Apesar da ansiedade favorecer a performance e a adaptação, tal é conseguido até certo ponto. Mais precisamente, até ao ponto em que o nosso organismo atinge um máximo de eficiência. A partir daí, de um determinado ‘ponto excedente’, a ansiedade, ao invés de contribuir para a adaptação, concorrerá exactamente para o contrário, ou seja, para a falência da capacidade adaptativa, e consequentemente, construtiva, criativa, que leve à acção positiva (rima e é verdade!).

 

Quando é que a ansiedade se torna patológica?

 

É neste ponto crítico que reside a “fronteira” que determina se a ansiedade vivida é adaptável, se nos favorece, ou não. Ou seja, se ela nos ajuda ou, precisamente, faz o seu contrário, incapacitando-nos adaptativamente. Podemos correlacionar, em larga escala, a ansiedade com o esgotamento emocional.

 

O esgotamento verifica-se em situações em que “puxámos” demais pela nossa maquinaria natural (corpo e mente) como, irónica e paradoxalmente, quando a mesma máquina corpo-e-mente não nos permite sequer mais agir (note-se, o que não é o mesmo que reagir).

 

Se antigamente as ameaças eram concretas e a pessoa tinha um determinado “objecto” real a combater (fugir ou atacar), localizável no tempo e no espaço, hoje em dia esse objecto de perigo vive dentro de nós. Com os nossos ancestrais, tal como no reino animal, os mecanismos da ansiedade foram desenvolvidos para dar respostas destinadas à sobrevivência diante de perigos concretos e próprios pela luta pela vida (ataques de animais ferozes, guerras tribais, intempéries climáticas, buscas de alimento, luta pelo espaço geográfico, etc.). No ser humano moderno, apesar dessas ameaças concretas não mais existirem dessa forma, o correspondente equipamento biológico continuou a existir, fazendo persistir na nossa natureza a capacidade de reagirmos ansiosamente perante a ameaça.

 

Então, e sem feras, eras glaciares, habitats e caçadas, o que temos hoje a ansiar?

 

Hoje em dia tememos a competitividade social, a segurança social, a competência profissional, a sobrevivência económica, as perspectivas futuras e uma infinidade de outras ameaças ‘abstractas’ mas reais para nós, que, enfim, passaram a equivaler ao mesmo tipo de perigo que ameaçavam os animais, em questões de sobrevivência.

 

 

E a sua ansiedade?

 

Agora nós.

 

Como vamos de ansiedade?

 

A “fronteiras” entre a ansiedade normal e ansiedade patológica estão bem definidas dentro de si?

 

De onde acha que surge essa constante sensação de apreensão, como se algo estivesse sempre para acontecer?

 

Um alerta permanente, uma pressa em ‘saltar’ para outra tarefa sem ter terminado a anterior (ou nem a tendo sequer começado)? O Domingo já o sente como uma pré-Segunda-feira? Ao dormir, já só pensa no que tem a fazer logo que amanhecer?

 

Se sente que não está a fazer alguma coisa que deveria mas nem sabe bem o quê ou como, pondere esta opção: recorra a apoio profissional. Adopte uma postura mais activa no combate às questões ou problemas que o afectam e incomodam, no seu dia-a-dia.

 

A natureza foi generosa para connosco, oferecendo-nos a atitude da ansiedade para favorecer, primordialmente, a nossa adaptação. Porém, não havendo um período suficiente para recuperamos desse esforço psíquico (e consequentemente físico), o qual restabeleceria a saúde, os nossos recursos para fazer face à ansiedade acabam por se esgotar.
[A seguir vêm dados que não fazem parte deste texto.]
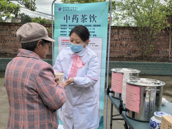 适宜技术体验区的医护人员,为颈肩腰腿痛、关节不适等群众缓解症状。设置中药茶饮品尝区,精心熬制保肝降脂茶、益气养元茶两款养生茶饮,工作人员现场讲解茶饮的配方功效与适用人群,引导群众树立“治未病”理念,在品味药香中学习养生知识。同时,现场免费发放中药香囊,展示各类中药文创产品,进一步提升群众对中医药文化的认知与认同。

E esgotar, como o próprio nome indica, é acabar. Um acabar de reservas e recursos.

 

No plano físico, orgânico, o esgotamento traduz-se em alterações significativas nas glândulas adrenais ou supra-renais (adrenalina e cortisol), dificuldades no controle da pressão arterial, alterações do ritmo cardíaco, alterações no sistema imunológico, no controle dos níveis de glicose do sangue, entre muitas outras. Psicologicamente, a ansiedade crónica ou o esgotamento levam a um estado de apatia, de desinteresse, de desânimo e uma espécie de pessimismo em relação a si e em relação à vida.

 

 

Porque é tão importante estabelecermos limites para a ansiedade?

 

Os limites definem quem somos. Eles estabelecem “o que é meu” daquilo que “não é comigo.” Estabelecer limites pessoais ajuda-nos a criar uma noção de propriedade e protecção em relação a nós mesmos.

 

Os limites são a nossa segurança pessoal. E para ter limites, precisamos de ter controlo, de decidir, de optar. É tudo isto que definirá quem é, quem quer ser ou quem não quer ser. O que quer que faça parte da sua realidade, e o que não quer. Ao dizer ” sim” a certos aspectos e “não” a outras coisas eu crio essa vibração, uma frequência, um padrão, moldando assim a verdade da minha vida. Afirmar limites pode parecer assustador de início, sobretudo, para as pessoas que passaram uma vida sem saber como expressar as suas necessidades.

 

 

E por falar em definir limites… não é que eles podem causar ansiedade?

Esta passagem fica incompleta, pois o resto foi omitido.